------ Stored data

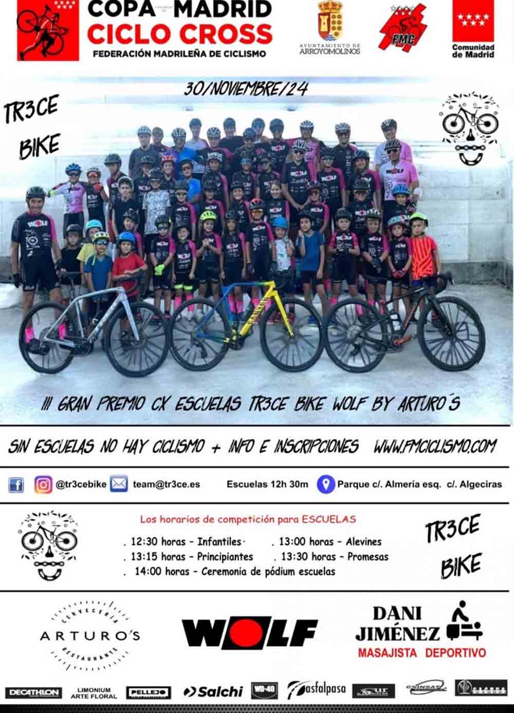 - ESCUELAS: https://fmciclismo.com/index.php/smartweb/inscripciones/inscripcion/29792-III-GRAN-PREMIO–TR3CE-BIKE-WOLF-CX-ESCUELAS–ARROYOMOLINOS—COPA-COMUNIDAD-DE-MADRID
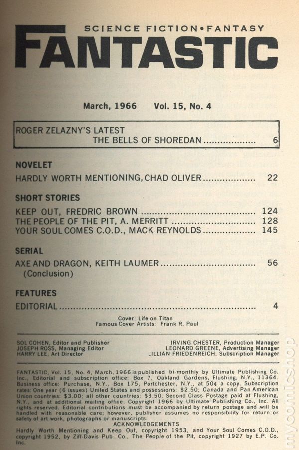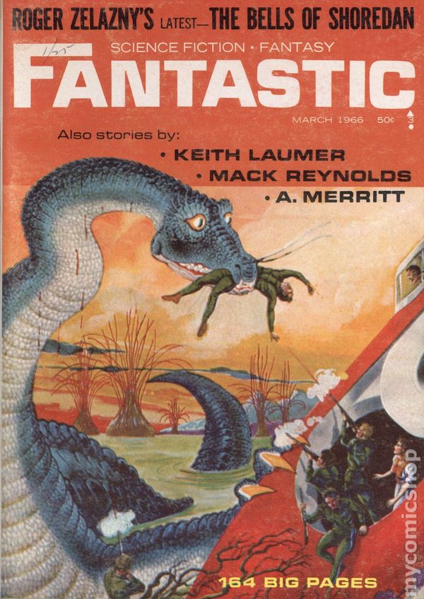 Volume 15, Issue 4 - March, 1966. Features "The Bells of Shoredan" by Roger Zelazny, and stories by Keith Laumer, Mack Reynolds, and A. Merritt. 5.5-in. x 7.75-in.; black and white; 162 newsprint pages. Cover price $0.50.
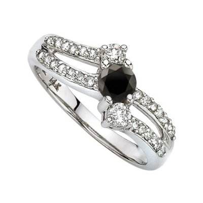 แหวนเพชรดำแท้เม็ดเดี่ยวประดับด้วยหินสีขาว | ทองคำขาว 10K ดีไซน์แยกส่วน สง่างาม ของขวัญเครื่องประดับชั้นดีสำหรับผู้หญิง
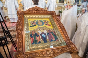 По окончании богослужения Митрополит Тихон поздравил клириков собора и прихожан с великим двунадесятым праздником Вознесения Господня и обратился к ним со словами проповеди.
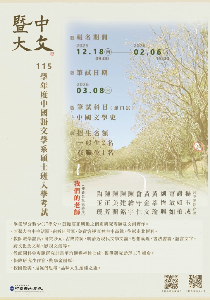 115學年度國立暨南國際大學中國語文學系 碩、博士班入學甄試
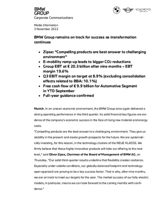 "Au cours des neuf premiers mois de l'année, et en particulier au troisième trimestre, la hausse des coûts des matériaux et de la logistique" a eu un "impact" sur l'EBIT de la branche automobile, explique BMW, qui parvient tout de même à dégager un résultat d'exploitation de 2,87 milliards d'euros sur ce segment (+63,6%).
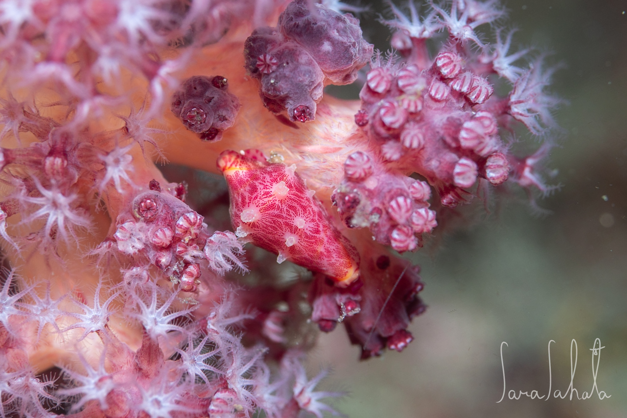 アヤメケボリ 2025.03.152025.06.04 腹足綱 > タマキビガイ目 > ウミウサギガイ科 Crenavolva traillii (A. Adams, 1856) 2024/4/28 大瀬崎 -10m ウミトサカのポリプのような幕で貝を覆っています。ウミトサカがコケに覆われていて逆に目立っちゃってます。 2025/5/2 坂田 -15m ピンクっぽいトサカにピンクぽい子。 2025/5/2 坂田 -15m ポリプが咲いてないと膜のポリプもちゃんとなくしてます。
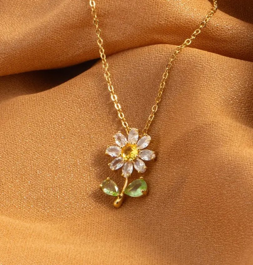 Çiçek Detaylı Altın Renkli Midi Kolye
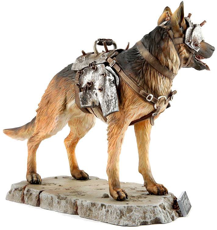 This statue was created directly from Bethesda's 3D assets to ensure 100% authenticity. Dogmeat does come equipped with armor to jump all over those feral ghouls and includes a second armor-free head to be displayed in his playful, non-fighting doggy grin.
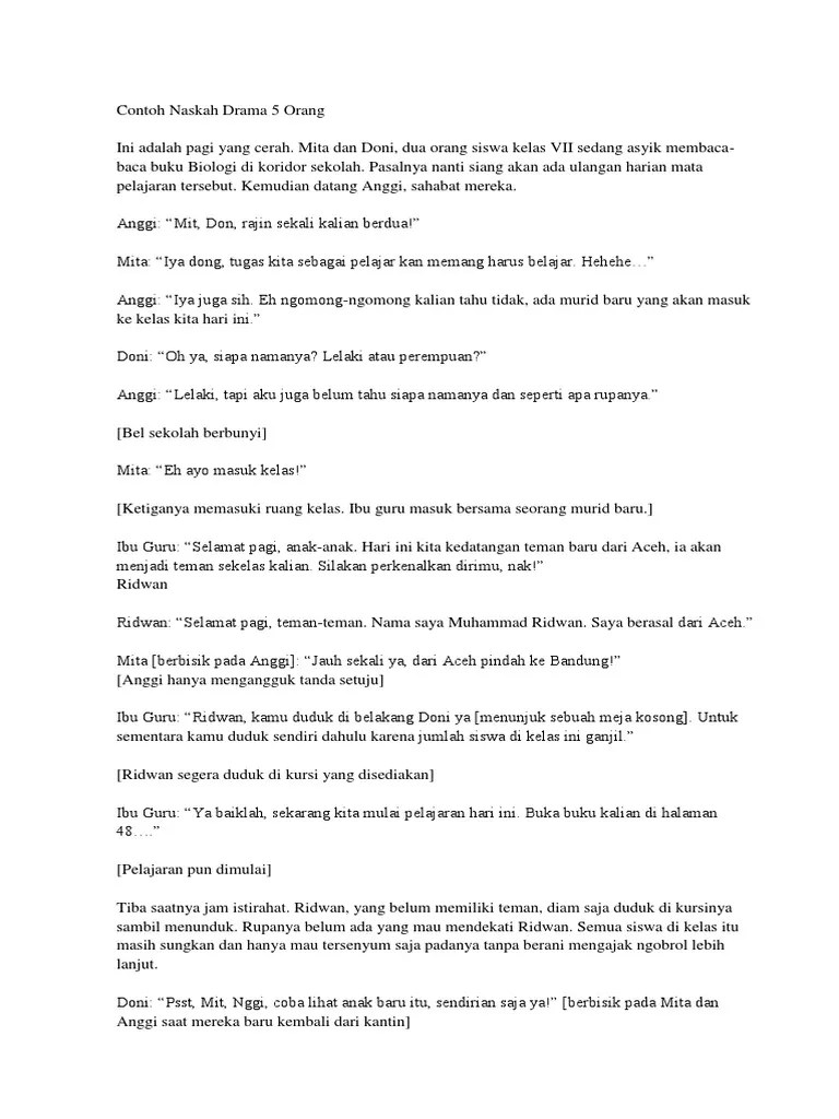 Seharusnya lo itu kasih contoh yang baik untuk seluruh siswa . Contoh naskah drama 5 orang, 4. Pastilah sobat yang sering mengikuti pelajaran bahasa indonesia di sekolah memahami istilah . Naskah drama pendidikan 7 orang (19). Kamu ada masalah apa cerita ke kami,kami kan sahabat mu. bayu dan made datang. Suatu ketika disaat keadilan sudah . "tau nih ditanya aku aja jawabannya singkat banget." lili : Kamu sakit li, kayanya kamu lesu banget." tri : Naskah drama pendek 5 orang (44). Untuk meringankan derita sahabat kita semua yang saat ini tengah di rawat. Contoh naskah drama persahabatan pendek 6 orang. 13+ contoh naskah drama komedi, persahabatan, cinta | 5, 6, 7 orang. Naskah drama 5 orang seni sastra, yang akan berubah menjadi drama jika anda bermain.

------------

# What this task involves:
The copy you produce must match the entries above exactly, except that it has no pictures.

# Answer box:
 - ESCUELAS: https://fmciclismo.com/index.php/smartweb/inscripciones/inscripcion/29792-III-GRAN-PREMIO–TR3CE-BIKE-WOLF-CX-ESCUELAS–ARROYOMOLINOS—COPA-COMUNIDAD-DE-MADRID
 Volume 15, Issue 4 - March, 1966. Features "The Bells of Shoredan" by Roger Zelazny, and stories by Keith Laumer, Mack Reynolds, and A. Merritt. 5.5-in. x 7.75-in.; black and white; 162 newsprint pages. Cover price $0.50.
 แหวนเพชรดำแท้เม็ดเดี่ยวประดับด้วยหินสีขาว | ทองคำขาว 10K ดีไซน์แยกส่วน สง่างาม ของขวัญเครื่องประดับชั้นดีสำหรับผู้หญิง
 По окончании богослужения Митрополит Тихон поздравил клириков собора и прихожан с великим двунадесятым праздником Вознесения Господня и обратился к ним со словами проповеди.
 115學年度國立暨南國際大學中國語文學系 碩、博士班入學甄試
 "Au cours des neuf premiers mois de l'année, et en particulier au troisième trimestre, la hausse des coûts des matériaux et de la logistique" a eu un "impact" sur l'EBIT de la branche automobile, explique BMW, qui parvient tout de même à dégager un résultat d'exploitation de 2,87 milliards d'euros sur ce segment (+63,6%).
 アヤメケボリ 2025.03.152025.06.04 腹足綱 > タマキビガイ目 > ウミウサギガイ科 Crenavolva traillii (A. Adams, 1856) 2024/4/28 大瀬崎 -10m ウミトサカのポリプのような幕で貝を覆っています。ウミトサカがコケに覆われていて逆に目立っちゃってます。 2025/5/2 坂田 -15m ピンクっぽいトサカにピンクぽい子。 2025/5/2 坂田 -15m ポリプが咲いてないと膜のポリプもちゃんとなくしてます。
 Çiçek Detaylı Altın Renkli Midi Kolye
 This statue was created directly from Bethesda's 3D assets to ensure 100% authenticity. Dogmeat does come equipped with armor to jump all over those feral ghouls and includes a second armor-free head to be displayed in his playful, non-fighting doggy grin.
 Seharusnya lo itu kasih contoh yang baik untuk seluruh siswa . Contoh naskah drama 5 orang, 4. Pastilah sobat yang sering mengikuti pelajaran bahasa indonesia di sekolah memahami istilah . Naskah drama pendidikan 7 orang (19). Kamu ada masalah apa cerita ke kami,kami kan sahabat mu. bayu dan made datang. Suatu ketika disaat keadilan sudah . "tau nih ditanya aku aja jawabannya singkat banget." lili : Kamu sakit li, kayanya kamu lesu banget." tri : Naskah drama pendek 5 orang (44). Untuk meringankan derita sahabat kita semua yang saat ini tengah di rawat. Contoh naskah drama persahabatan pendek 6 orang. 13+ contoh naskah drama komedi, persahabatan, cinta | 5, 6, 7 orang. Naskah drama 5 orang seni sastra, yang akan berubah menjadi drama jika anda bermain.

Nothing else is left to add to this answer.